#### [Instructions for the task]
Give back the lines below verbatim, omitting all pictures.

#### [Data block]
>>

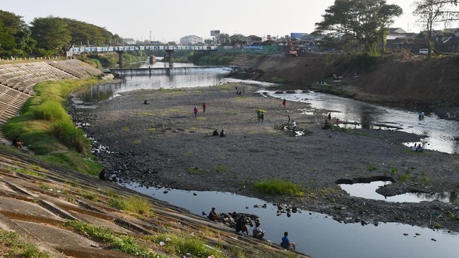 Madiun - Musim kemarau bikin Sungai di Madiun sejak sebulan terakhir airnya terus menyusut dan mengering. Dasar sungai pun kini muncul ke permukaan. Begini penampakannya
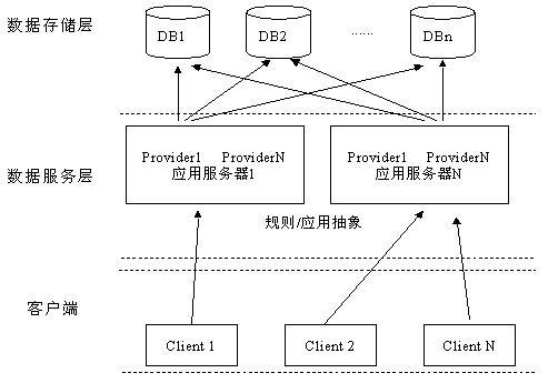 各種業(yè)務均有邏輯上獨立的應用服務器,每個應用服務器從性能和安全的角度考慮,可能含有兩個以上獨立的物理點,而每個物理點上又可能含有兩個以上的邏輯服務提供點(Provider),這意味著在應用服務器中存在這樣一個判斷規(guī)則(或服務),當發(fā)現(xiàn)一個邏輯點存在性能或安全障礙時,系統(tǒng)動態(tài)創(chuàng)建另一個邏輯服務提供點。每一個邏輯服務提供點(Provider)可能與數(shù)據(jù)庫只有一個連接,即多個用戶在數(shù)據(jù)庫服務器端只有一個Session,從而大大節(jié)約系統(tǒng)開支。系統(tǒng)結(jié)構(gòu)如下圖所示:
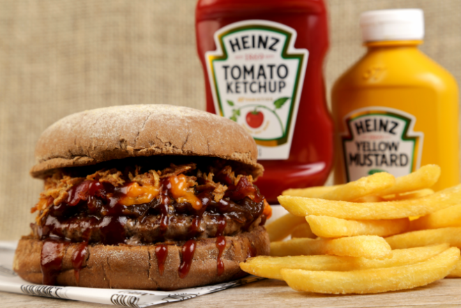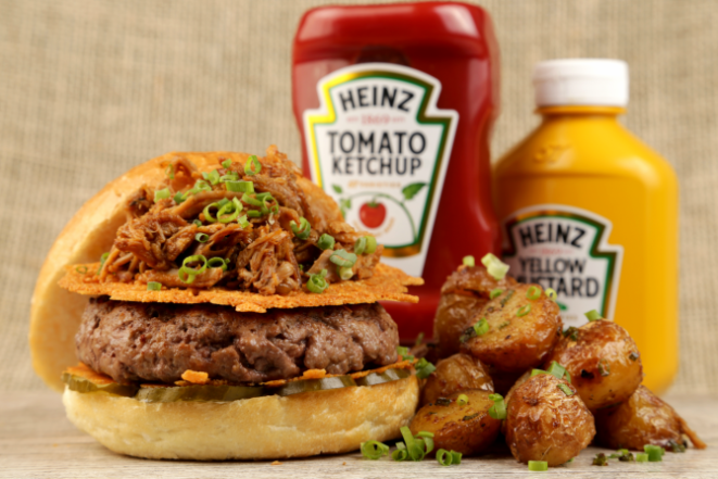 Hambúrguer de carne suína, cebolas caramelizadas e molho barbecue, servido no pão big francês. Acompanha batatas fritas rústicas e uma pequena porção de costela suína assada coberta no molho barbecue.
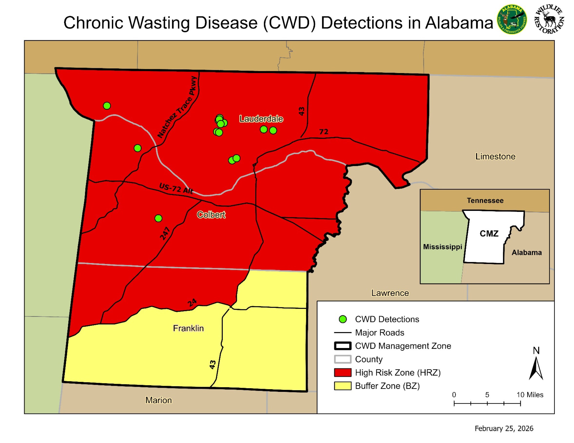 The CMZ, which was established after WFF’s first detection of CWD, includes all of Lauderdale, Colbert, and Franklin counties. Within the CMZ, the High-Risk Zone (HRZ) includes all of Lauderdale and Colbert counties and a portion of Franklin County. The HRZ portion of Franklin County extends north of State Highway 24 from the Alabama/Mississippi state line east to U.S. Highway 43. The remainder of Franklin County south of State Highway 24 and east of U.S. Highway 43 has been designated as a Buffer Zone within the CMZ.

<<

#### [Written solution]
 Madiun - Musim kemarau bikin Sungai di Madiun sejak sebulan terakhir airnya terus menyusut dan mengering. Dasar sungai pun kini muncul ke permukaan. Begini penampakannya
 各種業(yè)務均有邏輯上獨立的應用服務器,每個應用服務器從性能和安全的角度考慮,可能含有兩個以上獨立的物理點,而每個物理點上又可能含有兩個以上的邏輯服務提供點(Provider),這意味著在應用服務器中存在這樣一個判斷規(guī)則(或服務),當發(fā)現(xiàn)一個邏輯點存在性能或安全障礙時,系統(tǒng)動態(tài)創(chuàng)建另一個邏輯服務提供點。每一個邏輯服務提供點(Provider)可能與數(shù)據(jù)庫只有一個連接,即多個用戶在數(shù)據(jù)庫服務器端只有一個Session,從而大大節(jié)約系統(tǒng)開支。系統(tǒng)結(jié)構(gòu)如下圖所示:
 Hambúrguer de carne suína, cebolas caramelizadas e molho barbecue, servido no pão big francês. Acompanha batatas fritas rústicas e uma pequena porção de costela suína assada coberta no molho barbecue.
 The CMZ, which was established after WFF’s first detection of CWD, includes all of Lauderdale, Colbert, and Franklin counties. Within the CMZ, the High-Risk Zone (HRZ) includes all of Lauderdale and Colbert counties and a portion of Franklin County. The HRZ portion of Franklin County extends north of State Highway 24 from the Alabama/Mississippi state line east to U.S. Highway 43. The remainder of Franklin County south of State Highway 24 and east of U.S. Highway 43 has been designated as a Buffer Zone within the CMZ.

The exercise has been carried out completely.